NeuroGLIA Consortium: neuron-astroglia in brain function and dysfunction

Brief description and aims of work

Since 1998 a major research interest of our research group is to understand the pathogenesis, epileptogenesis and pharmacoresistance of focal epilepsy with particular attention to the role of neuron-glia dysfunctions. We use a multidisciplinary approach, through implementation of different techniques (histopathology, molecular biology and electrophysiology) using human material, as well as animal models and creating a collaborative team of specialists including neurology, neuropathology and neurobiology.

The overall aim is to further characterize the role of glial cells and the neuron-glia dysfunctions in the initiation and persistence of the inflammatory response associated with neuronal degeneration and hyperexcitability.

Specific aims are the following:

• To investigate and characterize at the cellular level the specific inflammatory pathways activated in different human disorders affecting both adult and developing human brain
• To evaluate in vivo the effects of modulation or inhibition of specific inflammatory pathways on neurodegeneration and hyperexcitability using animal models
• To define the impact of the sustained inflammatory reaction on pharmacoresistance in vitro and in vivo

Previous findings

In 2000 we showed the upregulation of specific glutamate receptor subtypes (metabotropic glutamate receptor subtype mGluR3 and mGluR5) in reactive rat astrocytes (1).
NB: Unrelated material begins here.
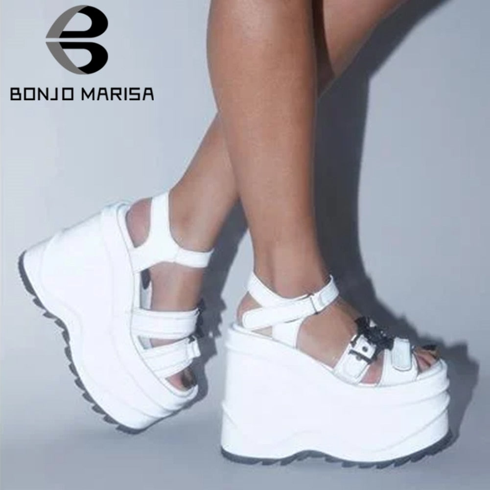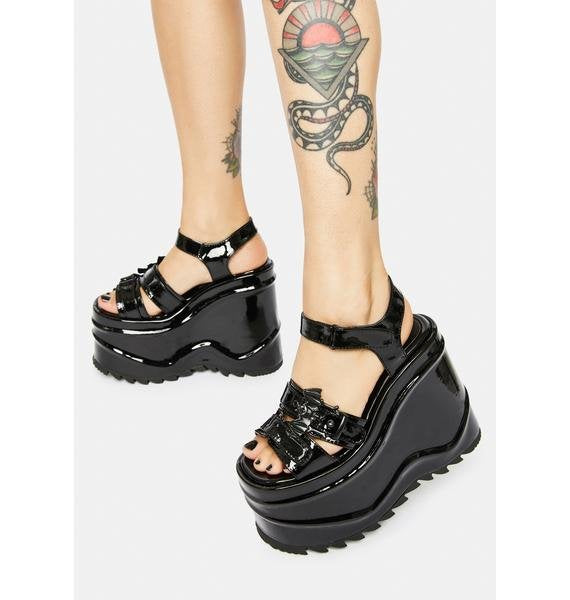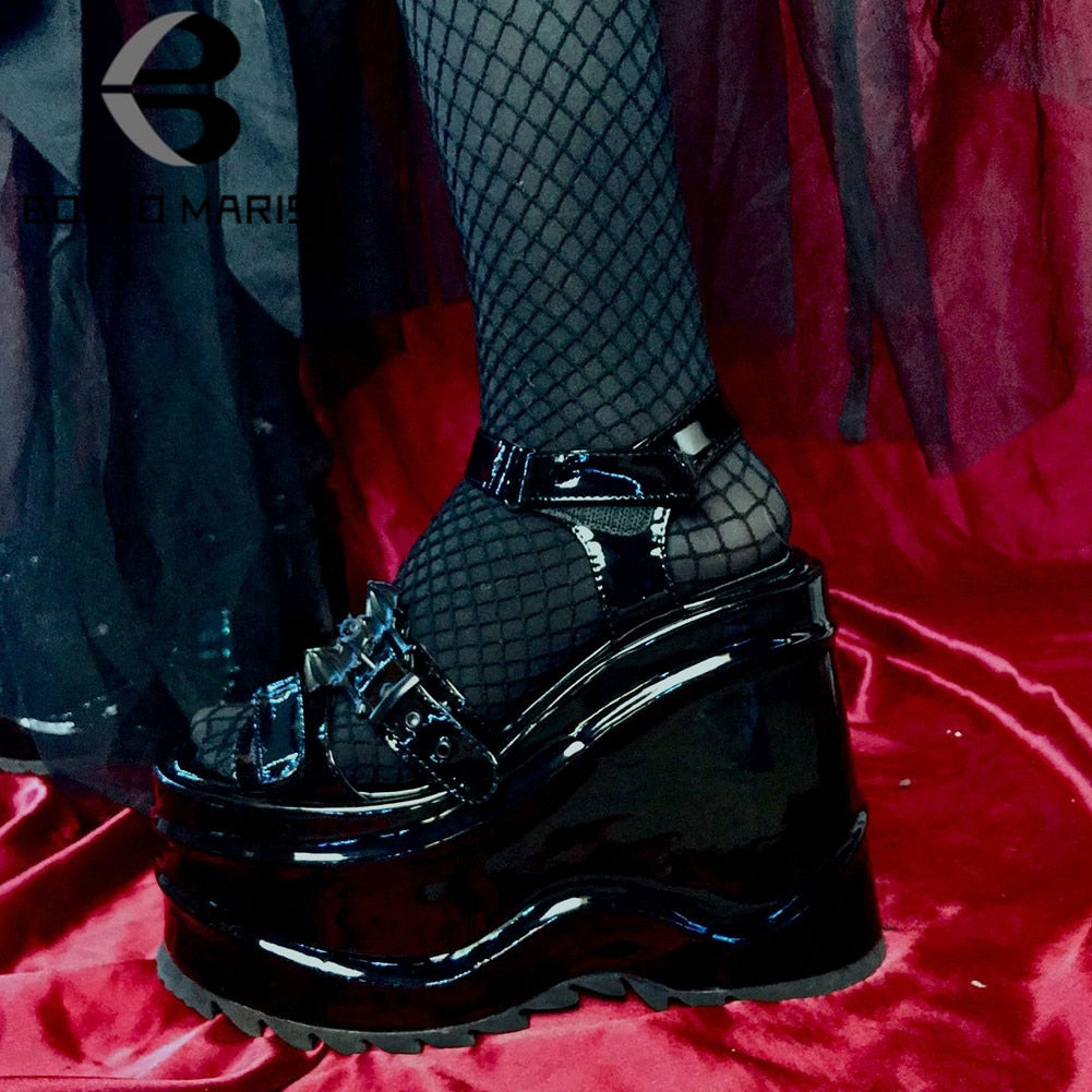 Goth Brand Black Wave 13  Bat Platform Open Toe Wedges Hook Loop Patent Pu Women Sandals 2021 Leisure Casual Punk Sumemer Shoes

In 2001 we confirmed the overexpression of group I mGluRs in human reactive astrocytes in different disorders associated with gliosis (2,9,17). In a later study we found that mGluRs can regulate glutamate transporter expression (7).

Expression of mGluR5 protein in astrocytes
Confocal laser scanning microscopic merged images of GFAP (green) and mGluR5 (red) positive human astrocytes (A, B) in culture. A) shows GFAP-positive astroglial cells growing in minimally supplemented serum-free medium (SF) with a flat polygonal morphology and low expression of mGluR5. B) Addition to serum-free medium of specific growth factors (bFGF and EGF) (ADM) produced a highly branched, stellate morphology and increased the expression of mGluR5 IR (yellow) (7).

In 2002 we provided evidence that the helix-loop-helix proteins are expressed in reactive astrocytes and are involved in the enhanced proliferative potential of tumor astrocytes (4).

In 2003 we provided evidence that overexpression (in endothelial cells and astrocytes) of multidrug transporter proteins is a common mechanism underlying the pharmaco-resistance to antiepileptic drugs of different human focal lesion associated with epilepsy (11,12).

In 2004 we characterized the expression and glial distribution of high- and low-affinity neurotrophin receptors in human pathologies associated with epilepsy (13,14).

In 2005 our studies performed in cultures of human astrocytes revealed the existence of interactions between glial GluRs and the inflammatory response (15).

In 2006 we showed that inhibition of the multidrug transporter P-glycoprotein improves seizure control in phenytoin-treated chronic epileptic rats (20).

In 2006-2007 we provided evidence of a prominent and persistent activation of the innate immune response in both experimental and human temporal lobe epilepsy (22,25).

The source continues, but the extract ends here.